## What the task requires
Set the records down again, exactly, without their images.

Segment Open

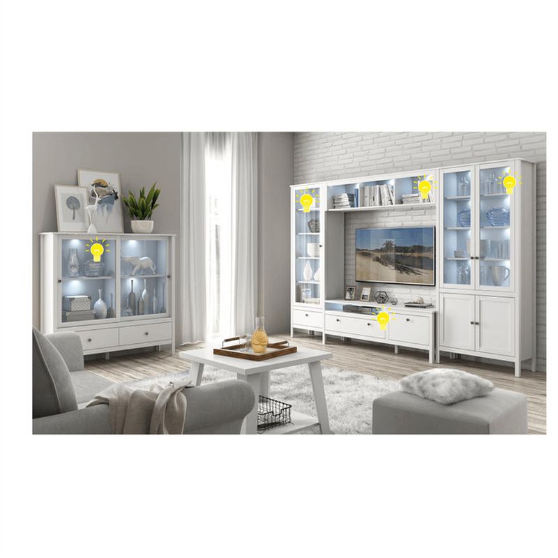 K vitríne 2W2S a vitríne 1W1S, nízkej vitríne KOVER 2D2W, regálu 1D1S VAIT ponúkame 4-bodové LED osvetlenie s bielym podfarbením
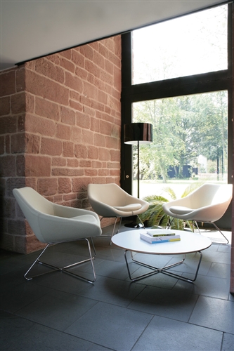 Open is an elegant and relatively compact, contemporary collection of soft seating, with chair and sofa sharing a formed Steel rod, base frame aesthetic. Angular and striking, they lend a physical lightness to the appeal of the design.
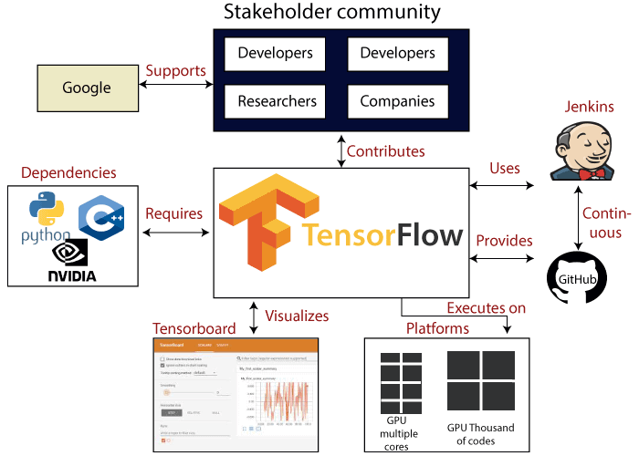 TensorFlow to otwartoźródłowa biblioteka programistyczna napisana przez Google Brain Team. Wykorzystywana jest głównie w uczeniu maszynowym i głębokich sieciach neuronowych. Została wydana 9 listopada 2015 roku. Biblioteka składa się z kilku modułów. W jej najniższej warstwie znajduje się rozproszony silnik wykonawczy, który w celu podniesienia wydajności został zaimplementowany w języku programowania C++. Nad nią znajdują się frontendy napisane w kilku językach programowania m.in. w Pythonie oraz C++. Powyżej umieszczona została warstwa API, która zapewnia prostszy interfejs dla powszechnie używanych warstw w modelach głębokiego uczenia. Na następną warstwę składają się wysokopoziomowe API, m.in. Keras oraz Estimator API, które ułatwiają tworzenie modeli i ich ocenę. Ponad tym znajdują się przygotowane przez twórców biblioteki gotowe do użycia
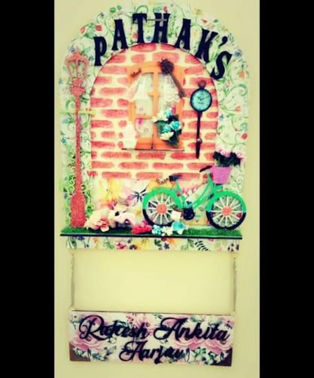 An outstanding Arch shaped nameplate set with so many embellishments to make it beautiful and unique for nameplates n wall décor for your home, office or any other institution. You can use miniatures, decoupage, painting, mix-media, clay, beads n laces, or any other technique upon these as per your choice…come with back hook to hang…
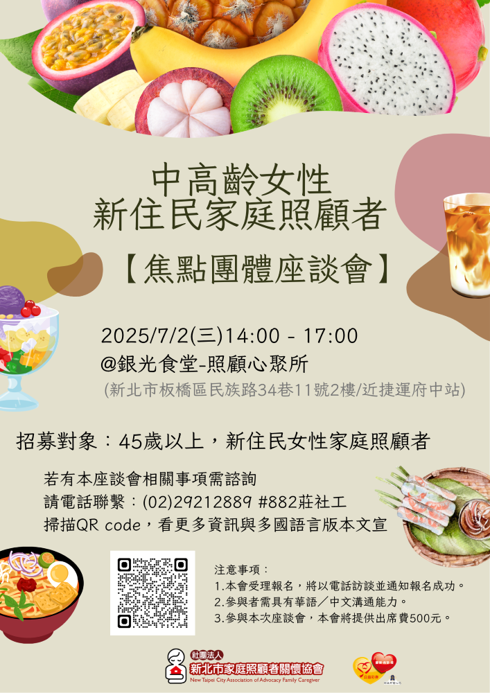 【轉知】新北市家庭照顧者關懷協會-中高齡女性新住民家庭照顧者-焦點團體座談會
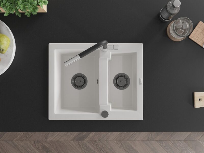 MEXEN/S MEXEN/S – Carlos granitový drez 1.5 vrátane batérie Flora, biela 6518-20-670401-07-B
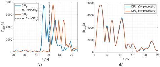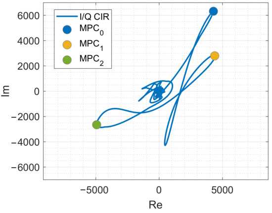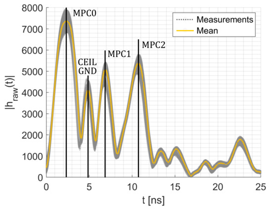 Figure 3 shows channel impulse response measurements with several distinguishable multipath components. The first peak indicated as MPC0 is the direct link between the transmitter and the receiver. Next to MPC0, we extract two additional MPCs (indicated as MPC1 and MPC2) that are caused by reflection on the wall from the CIR measurements. With the known positions of the MPCs in the CIR measurement, it is possible to extract the magnitude and the phase of the respective MPCs. In Section 4.2.3, we describe the extraction and processing of the MPCs from the CIR measurements in more detail.

Segment Closed

## Task response
 K vitríne 2W2S a vitríne 1W1S, nízkej vitríne KOVER 2D2W, regálu 1D1S VAIT ponúkame 4-bodové LED osvetlenie s bielym podfarbením
 Open is an elegant and relatively compact, contemporary collection of soft seating, with chair and sofa sharing a formed Steel rod, base frame aesthetic. Angular and striking, they lend a physical lightness to the appeal of the design.
 TensorFlow to otwartoźródłowa biblioteka programistyczna napisana przez Google Brain Team. Wykorzystywana jest głównie w uczeniu maszynowym i głębokich sieciach neuronowych. Została wydana 9 listopada 2015 roku. Biblioteka składa się z kilku modułów. W jej najniższej warstwie znajduje się rozproszony silnik wykonawczy, który w celu podniesienia wydajności został zaimplementowany w języku programowania C++. Nad nią znajdują się frontendy napisane w kilku językach programowania m.in. w Pythonie oraz C++. Powyżej umieszczona została warstwa API, która zapewnia prostszy interfejs dla powszechnie używanych warstw w modelach głębokiego uczenia. Na następną warstwę składają się wysokopoziomowe API, m.in. Keras oraz Estimator API, które ułatwiają tworzenie modeli i ich ocenę. Ponad tym znajdują się przygotowane przez twórców biblioteki gotowe do użycia
 An outstanding Arch shaped nameplate set with so many embellishments to make it beautiful and unique for nameplates n wall décor for your home, office or any other institution. You can use miniatures, decoupage, painting, mix-media, clay, beads n laces, or any other technique upon these as per your choice…come with back hook to hang…
 【轉知】新北市家庭照顧者關懷協會-中高齡女性新住民家庭照顧者-焦點團體座談會
 MEXEN/S MEXEN/S – Carlos granitový drez 1.5 vrátane batérie Flora, biela 6518-20-670401-07-B
 Figure 3 shows channel impulse response measurements with several distinguishable multipath components. The first peak indicated as MPC0 is the direct link between the transmitter and the receiver. Next to MPC0, we extract two additional MPCs (indicated as MPC1 and MPC2) that are caused by reflection on the wall from the CIR measurements. With the known positions of the MPCs in the CIR measurement, it is possible to extract the magnitude and the phase of the respective MPCs. In Section 4.2.3, we describe the extraction and processing of the MPCs from the CIR measurements in more detail.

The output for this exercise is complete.